[[ Records for the task, beginning ]]

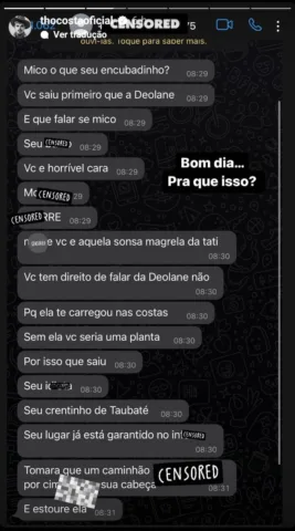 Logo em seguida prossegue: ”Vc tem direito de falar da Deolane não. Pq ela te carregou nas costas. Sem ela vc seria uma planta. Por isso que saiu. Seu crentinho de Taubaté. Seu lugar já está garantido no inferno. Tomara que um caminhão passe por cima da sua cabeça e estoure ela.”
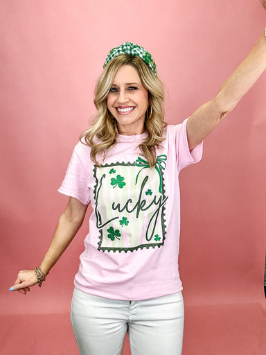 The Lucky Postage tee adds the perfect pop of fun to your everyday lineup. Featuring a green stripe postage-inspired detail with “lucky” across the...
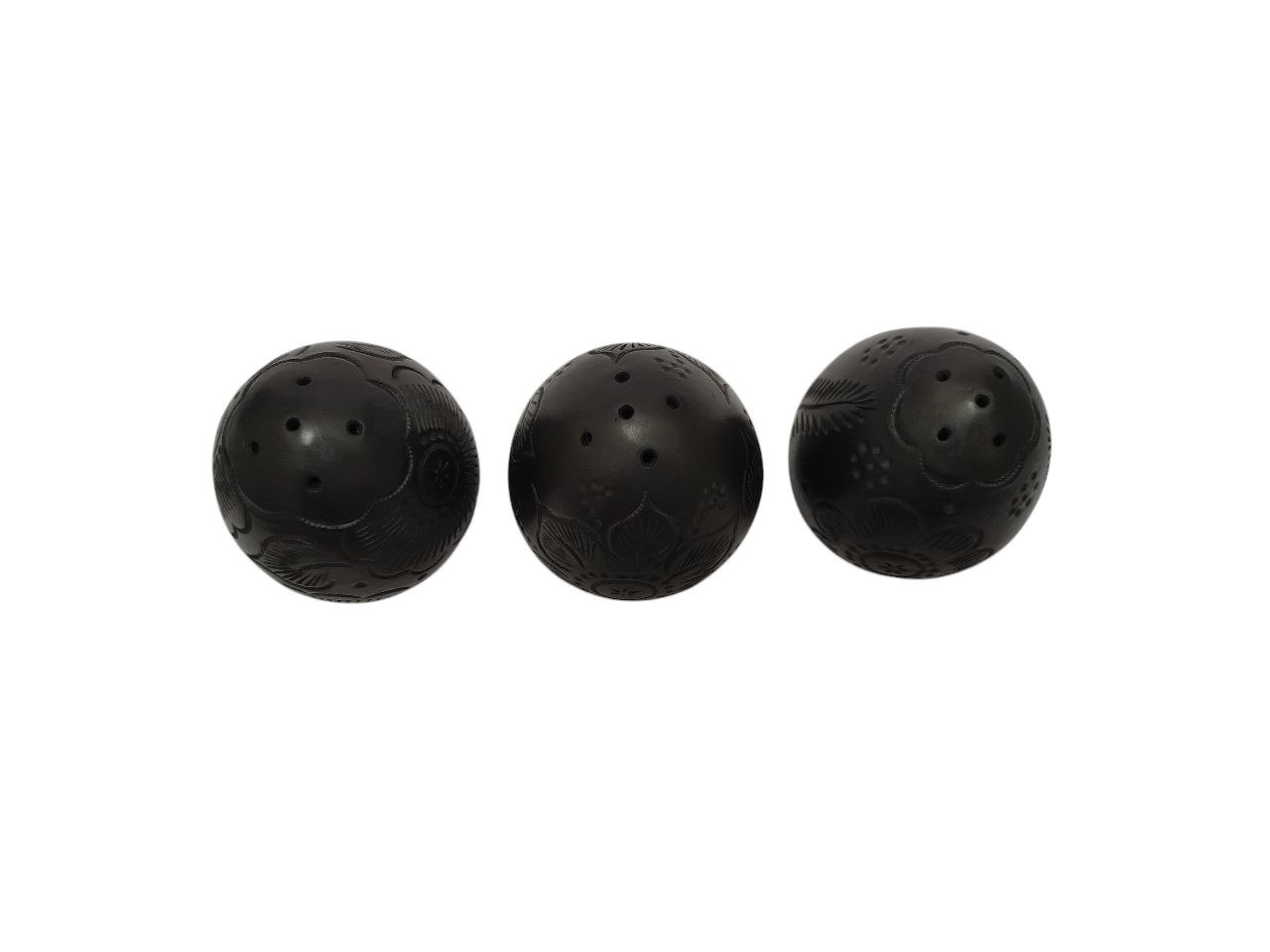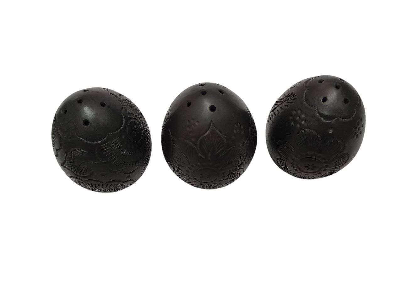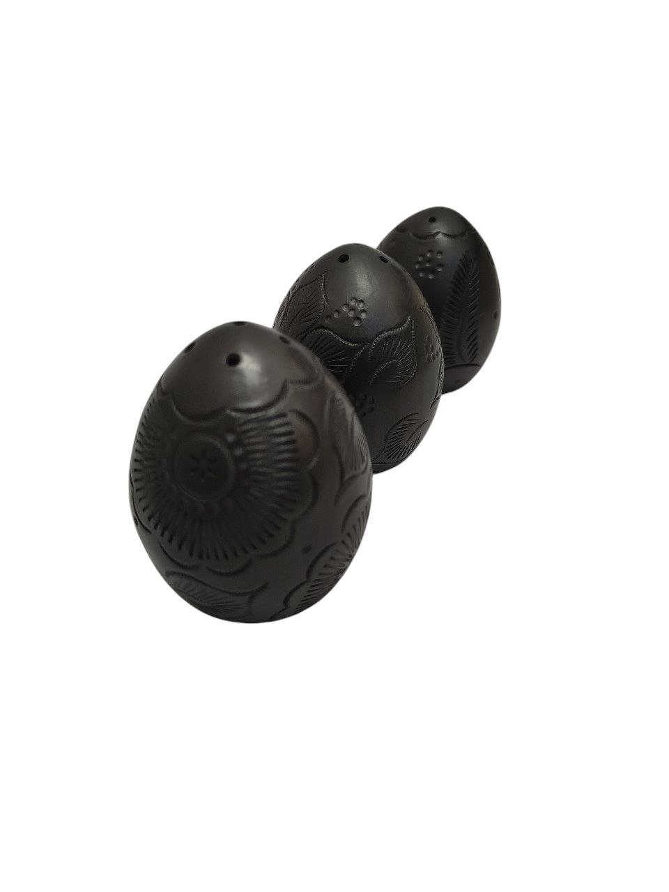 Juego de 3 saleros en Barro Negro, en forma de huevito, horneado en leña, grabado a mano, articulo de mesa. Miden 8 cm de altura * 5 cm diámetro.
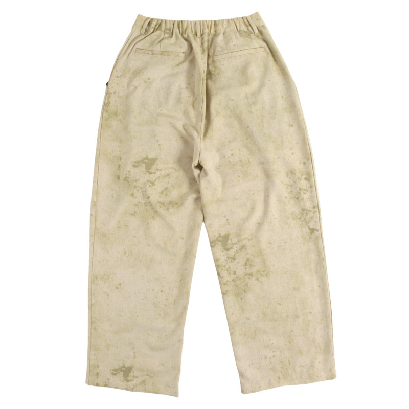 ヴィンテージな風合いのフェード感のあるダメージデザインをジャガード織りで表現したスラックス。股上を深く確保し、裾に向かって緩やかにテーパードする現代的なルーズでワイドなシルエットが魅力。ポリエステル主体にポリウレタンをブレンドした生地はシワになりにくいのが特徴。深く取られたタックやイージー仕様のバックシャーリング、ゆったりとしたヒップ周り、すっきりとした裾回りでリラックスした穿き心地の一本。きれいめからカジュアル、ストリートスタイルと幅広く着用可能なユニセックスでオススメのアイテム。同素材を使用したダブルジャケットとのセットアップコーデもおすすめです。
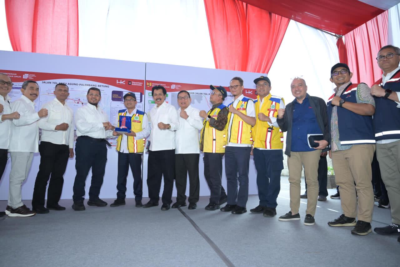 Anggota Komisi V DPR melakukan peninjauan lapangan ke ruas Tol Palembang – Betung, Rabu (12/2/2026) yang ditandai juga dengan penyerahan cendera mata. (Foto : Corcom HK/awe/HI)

[[ Records for the task, end ]]

What is required – Give again exactly the lines from the one holding "The Lucky Postage" to the final line of the records, both ends included, and nothing more. Pictures do not belong in the copy.

Response area –
 The Lucky Postage tee adds the perfect pop of fun to your everyday lineup. Featuring a green stripe postage-inspired detail with “lucky” across the...
 Juego de 3 saleros en Barro Negro, en forma de huevito, horneado en leña, grabado a mano, articulo de mesa. Miden 8 cm de altura * 5 cm diámetro.
 ヴィンテージな風合いのフェード感のあるダメージデザインをジャガード織りで表現したスラックス。股上を深く確保し、裾に向かって緩やかにテーパードする現代的なルーズでワイドなシルエットが魅力。ポリエステル主体にポリウレタンをブレンドした生地はシワになりにくいのが特徴。深く取られたタックやイージー仕様のバックシャーリング、ゆったりとしたヒップ周り、すっきりとした裾回りでリラックスした穿き心地の一本。きれいめからカジュアル、ストリートスタイルと幅広く着用可能なユニセックスでオススメのアイテム。同素材を使用したダブルジャケットとのセットアップコーデもおすすめです。
 Anggota Komisi V DPR melakukan peninjauan lapangan ke ruas Tol Palembang – Betung, Rabu (12/2/2026) yang ditandai juga dengan penyerahan cendera mata. (Foto : Corcom HK/awe/HI)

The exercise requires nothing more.